Is knowing ourselves a necessary step to achieve peace?

Contribution by Isabel Hernández Negrin from Las Palmas de Gran Canaria, Spain.

Many people think that a good vacation would be sufficient to find peace. However, at the first disagreement with a fellow traveler over whether to visit one place or another, a conflict could arise and pull us away from the peace we crave. Each of us imagines some form of this: “If I didn’t have to work, If I had more money, If I were more beautiful, If I had a comfortable house,” etc.

However, in these examples, the peace we find depends on external elements that might not be within our reach. Or, given all that, we might not find peace within us.

We search for internal peace in external objects.

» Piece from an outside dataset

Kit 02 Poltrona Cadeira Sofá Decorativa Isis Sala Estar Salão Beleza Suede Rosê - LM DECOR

We live, perhaps too much, absorbed in our external experience and drawn towards images that promises peace, happiness, or security if we dress a certain way, if we drive a certain car, if we have a certain partner, if we buy a certain perfume, if we’re skinny or fat.

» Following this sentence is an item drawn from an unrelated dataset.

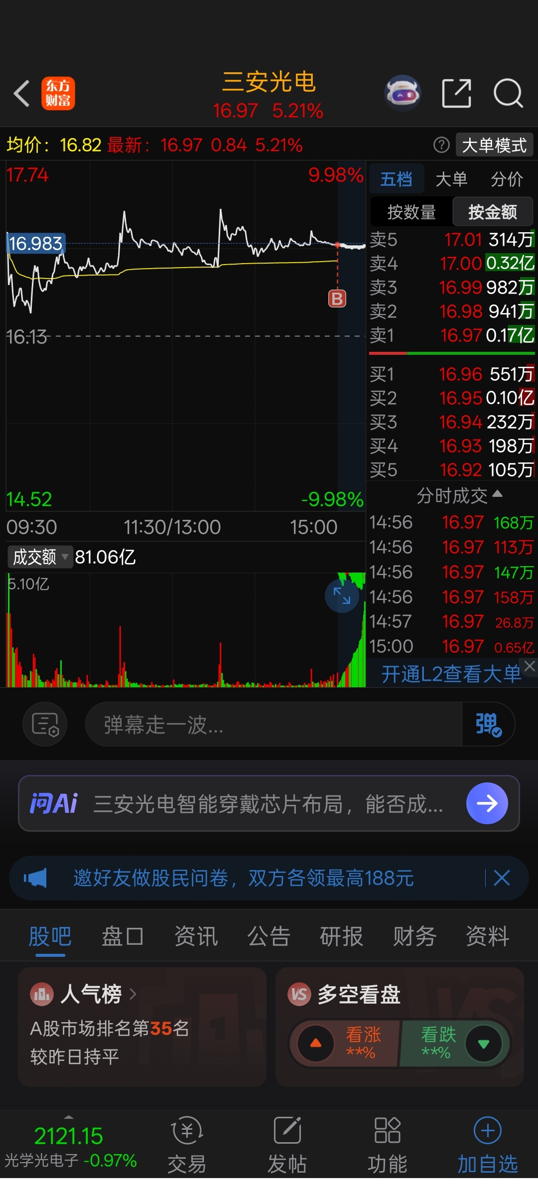 温馨提示: 1.根据《证券法》规定,禁止编造、传播虚假信息或者误导性信息,扰乱证券市场;2.用户在本社区发表的所有资料、言论等仅代表个人观点,与本网站立场无关,不对您构成任何投资建议。用户应基于自己的独立判断,自行决定证券投资并承担相应风险。《东方财富社区管理规定》

Can we feel peace in a way that depends only on ourselves?
I would say, yes.

We might begin by being a little easier with ourselves, without craving anything, without searching for anything, without giving energy to the thoughts that invite us to act, without giving energy to passing emotions.

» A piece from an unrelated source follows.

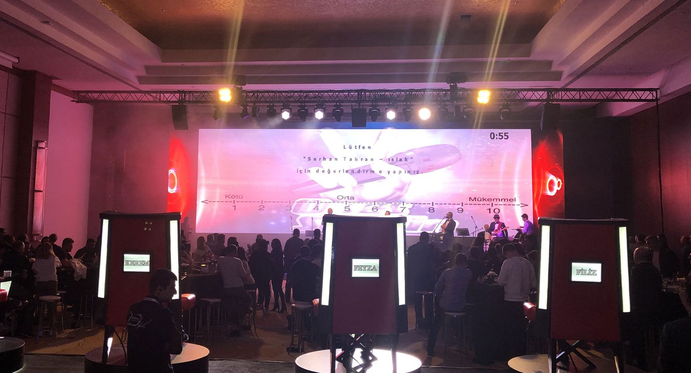 O Ses uygulamasına canlı orkestra veya kareoke sistemi, oylama ve puanlama sistemi ve döner koltuklar dahildir.

Simply being with yourself, because you are not the passing things which distract you.

Understanding yourself can begin with being in what you are – that is to say: if you wash the dishes, do it with all your attention on that; if you drive, do only that, without thinking about anything else; if you relax, pay attention to the sensations of your body without being pulled away by anything else; if you talk to a friend, put your energy into that relationship and not into what you’ll be doing later; if you play with your child, attend to him or her without thinking that you could be doing something else; even when you have a task ahead of you that you don’t enjoy, you can calm yourself if you let go of thinking that you don’t like it and that you could be somewhere else. You might start there, because that’s where you are and what you are, intentionally present within yourself and what you have in front of you. These brief remarks can’t be a treatise on peace and self-understanding, but if you deliberately make yourself available to being in what you are, you will have begun taking some important steps towards knowing yourself and finding internal peace.

If you take only this one comment with you, that’s fine. But if you decide to do what I’ve suggested, that would indeed be a step in a different direction.

It is always you who decides how you want to live.